Sticks & Stones House by Luigi Rosselli
The Sticks & Stones House is a fantastic contemporary residence located in the attractive Hunters Hill suburb of Sydney, Australia. The home was designed by Luigi Rosselli, a studio we’re familiar with from their Books House project in Mosman and their High Country Residence in Armidale.
Just as the name suggests, the Sticks & Stones House is primarily built out of stone and timber as it is on the edge of a private park and the choice really lets it blend in the surrounding environment.
Hunters Hill is an attractive, historic peninsula that lies between the Parramatta and Lane Cove rivers on the north shore of Sydney Harbour. The suburb, a precursor to the Garden City movement, was subdivided in the 19th century with sandstone mansions and Victorian timber cottages sitting side by side, with large gardens and private parks containing centuries ancient trees.
It was natural to select stone and timber to build a modern house on the edge of one of these private parks. Sydney sandstone has a slightly yellow hue that darkens and becomes more attractive over time. The timeless materials provide a warm colour palette in an otherwise contemporary construction.
Behind the sandstone walls, enormous, double glassed (Skyframe) windows with minimal framing are pocketed out of sight. Post tensioned concrete slabs have been cantilevered with minimal steel post support to cover the main garden terrace. Behind vertical timber shutters, curved glass windows span from floor to ceiling.
Designed for an uncluttered and relaxed family life the house layout is very simple and quite cartesian in plan except for one sinuous wall overhanging the driveway. Every room opens to a terrace or the garden through large glass doors that slide on ball bearings; one can step outside without noticing the thresholds.
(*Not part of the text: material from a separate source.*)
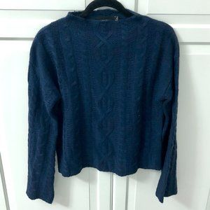 Don't wait to get your hands on this MinkPink Navy Waiting Game Knit Turtleneck Sweater with bell sleeves, order it now and be prepared for the winter in style!

Additionally, one can move fluidly from the entry to the open plan living space while hardly noticing the floor to ceiling timber door that, when open, is entirely hidden in the wall but when closed completely separates the open plan area from the rest of the house.
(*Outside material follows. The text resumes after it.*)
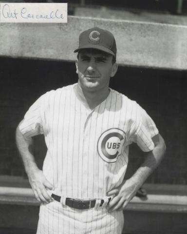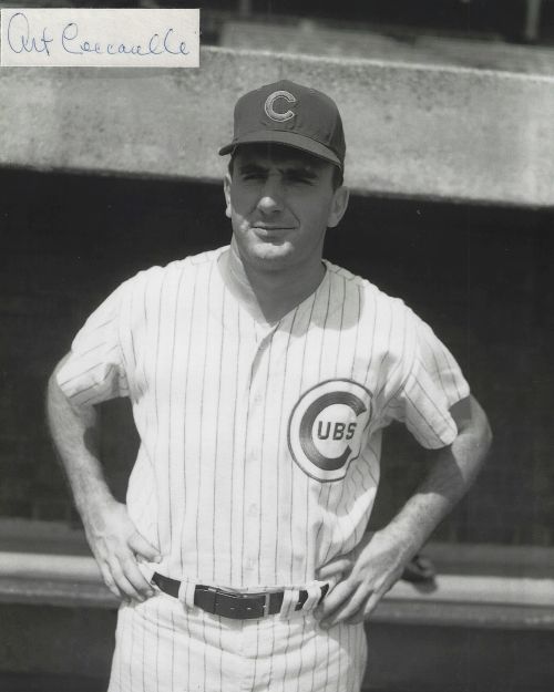 Art Ceccarelli (Chicago Cubs) autographed cut on an 8x10 photo. The photo and signature cut have been professionally laminated together to protect and preserve their quality and condition. By placing this authentic signature cut on the photo, it has significantly increased it's value and desirability! No more looking at a boring index card or piece of paper. Photo is in MINT condition. Please enlarge the photo to view it's resolution since some photos may be of lower resolution. All autographs are 100% guaranteed and come with a certificate of authenticity from www.RKSportsPromotions.com.

All this modern machinery for simple living could end up being sterile and boring without a dark side: take the stairs to the basement and you will find a subterranean level housing a car collection, a home theatre, workshop, and wine cellar.
Project Architect, Jane McNeill managed to pull out of the barrel a lovely cellar and perfectly detailed drawings that required no site visits and no questions from the Builder to execute.